TetraMem Announces 22nm Multi-Level RRAM Analog In-Memory Computing SoC Milestone
semiconductor-digest.com May 19, 2026

TetraMem Announces 22nm Multi-Level RRAM Analog In-Memory Computing SoC Milestone

AI-summarised brief · reviewed before publication

TetraMem Inc. announced the successful tape-out and initial silicon validation of its MLX200 platform, a 22nm multi-level RRAM-based analog in-memory computing system-on-chip. This achievement marks a significant step toward commercializing analog computing architectures based on emerging non-volatile memory technologies.

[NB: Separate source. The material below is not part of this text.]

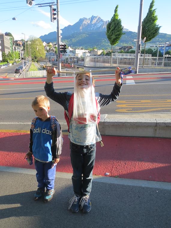 Walking to our hotel, with some chocolate milk containers that I bought so the kids could get the Migros promotional tops, which were all the rage at the school.

The MLX200 platform integrates multi-level RRAM arrays with mixed-signal compute engines, enabling high-throughput vector-matrix operations within memory. Early silicon results indicate consistent functionality across arrays, supporting the viability of this approach for embedded non-volatile memory and compute-in-memory applications. The milestone builds on TetraMem's earlier work, demonstrating the feasibility of bringing multi-level RRAM into advanced-node commercial silicon, with evaluated sampling expected in the second half of 2026.

💡 Why It Matters

  • · By performing computation directly within memory arrays, TetraMem's technology reduces data movement and improves system-level efficiency, addressing a major bottleneck in modern AI systems.
  • · This breakthrough enables the development of more energy-efficient and scalable AI systems.